Solved – AIC, model selection and overfitting

aicmodel selectionoverfittingreferences

I am looking for references that specifically show that Akaike's Information Criterion (AIC), or its corrected form (AICc), can in some practical applications — that is, not in the asymptotic regime — highly underestimate the penalty for model complexity, favoring overly complex model that would then perform worse on new data; and possibly ways to detect this "failure mode" of AIC (the obvious one I can think of is cross-validation).

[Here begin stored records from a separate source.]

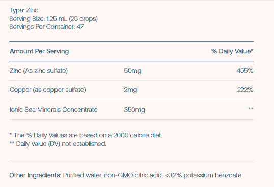 And because zinc and copper work together in the body, they balanced their liquid zinc formula with a little bit of copper for better cellular balance.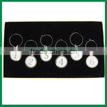 Glitter Round Charm With Screen Printed Metal Wine Charm Set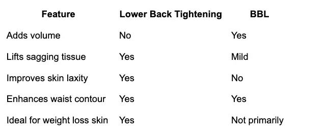 No. A Brazilian Butt Lift adds volume; back tightening reshapes and lifts.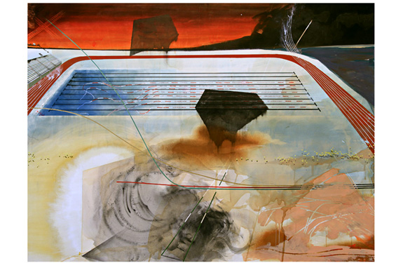 Both abstract painting and border-making rely on the assumption that absolute space (the “free” space of the canvas or landscape, unresolved and contested), can be materialized through its transformation into a space of containment and law (the “painting”, the “nation”). The relationship of a contemporary artist to his or her space (in this case de los Reyes to Los Angeles), is also the story of a space and its connection to the past (Los Angeles to Mexico) and occupation (artist to painting). In the Border Theory paintings, de los Reyes pursues the amorphous, layered structures of identity as found in the continuum of his location and profession.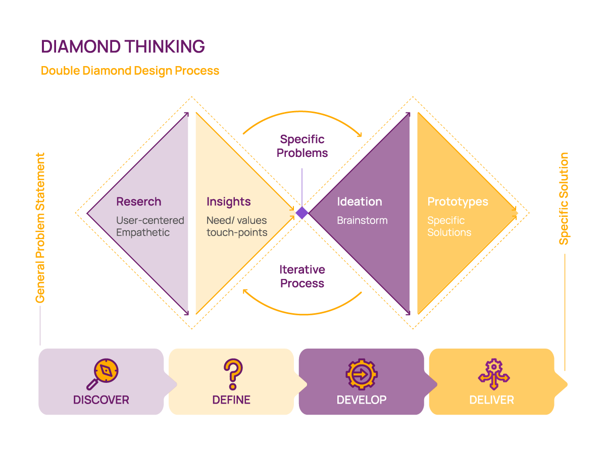 4. Deliver: Create simple, tangible versions of your ideas: prototyping e.g. mock-ups, sketches, or models. Try out your prototypes with real users, gather feedback, and refine.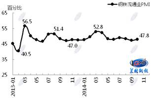 從10月份鋼鐵流通業(yè)整體運行情況看,下游訂單增加,鋼貿(mào)企業(yè)銷售量增加,鋼鐵流通市場活躍度略有好轉。從供給方面看,2014年10月上、中兩旬中鋼協(xié)預估重點鋼鐵企業(yè)粗鋼平均日產(chǎn)量約為178.15萬噸,較9月份重點鋼鐵企業(yè)粗鋼平均日產(chǎn)量178.91萬噸減少0.76萬噸。據(jù)蘭格鋼鐵供給預測模型粗略估算,10月份粗鋼產(chǎn)量預計在6840萬噸左右,粗鋼日產(chǎn)有所下降;且初步測算11月粗鋼日產(chǎn)將再次回升,但因11月中上旬北京召開2014年APEC會議,為保證北京地區(qū)空氣質(zhì)量,會議期間,北京周邊地區(qū)200公里內(nèi)的鋼鐵企業(yè)將采取停產(chǎn)、限產(chǎn)和施工工地停工措施,短期供給壓力將有所減緩,預計11月粗鋼日產(chǎn)回升幅度或有所縮小。從需求方面看,進入11月,隨著氣溫的逐漸下降,北方地區(qū)下游建筑工地施工逐漸減少,用鋼需求將明顯縮減。但受其他地區(qū)下游訂單增加,需求有所好轉的影響,11月鋼鐵市場需求景氣總體微升。從成本支撐方面看,受10月份鋼鐵原料鐵礦石及鋼坯價格先漲后跌的影響,鋼鐵成本總體趨升,對鋼價支撐力度有所增強。從宏觀方面看,前三季度國內(nèi)生產(chǎn)總值419908億元,同比增長7.4%。分季度看,一季度同比增長7.4%,二季度增長7.5%,三季度增長7.3%,經(jīng)濟增長有所放緩,將影響需求的釋放。綜合上述情況來看,11月份,雖鋼鐵需求景氣微升,鋼鐵成本支撐力度有所增強,但在鋼材供給壓力再次增加的情況下,總體判斷11月鋼價或將窄幅震蕩。

More generally, I am also looking for some authoritative reference, besides basic common sense, that advises against "blind model selection" — that is, merely deciding that an hypothesis is true after comparing models with some criterion, without "predictive checks" or other forms of independent validation. Ideally, I am looking for a strong statement (e.g., something like this, perhaps a bit less graphic), with examples for why it is such a bad idea.

Any suggestion, off the top of your head?

(As you would expect, there is a massive number of questions related to AIC and model selection on this website, but I could not find something that specifically addresses my issue.)

PS: To clarify, regarding the first question, I am interested in references that talk about AIC, but it's fine if the paper discusses information criteria in general (e.g., both AIC and BIC), as long as AIC is included.

Best Answer

The following is not exactly what you need as it applies to any information criterion (AIC as well as BIC included), but it is still an interesting criticism of blind selection in model-rich environments.

This is from the Abstract:

The implication is that good in-sample fit translates into poor out-of-sample fit, one-to-one. The result exposes a winners curse problem when multiple models are compared in terms of their in-sample fit. The winners curse has important implications for model selection by standard information criteria such as AIC and BIC.

This is from the Introduction:

Model selection by standard information criteria, such as AIC and BIC, tend to favor models that have a large $\eta$ in the sample used for estimation. We shall refer to this as the winner's curse of model selection. The winner's curse is particularly relevant in model-rich environments where many models may have a similar expected fit when evaluated at their respective population parameters. So we will argue that standard information criteria are poorly suited for the selecting a model with a good out-of-sample fit in model-rich environments.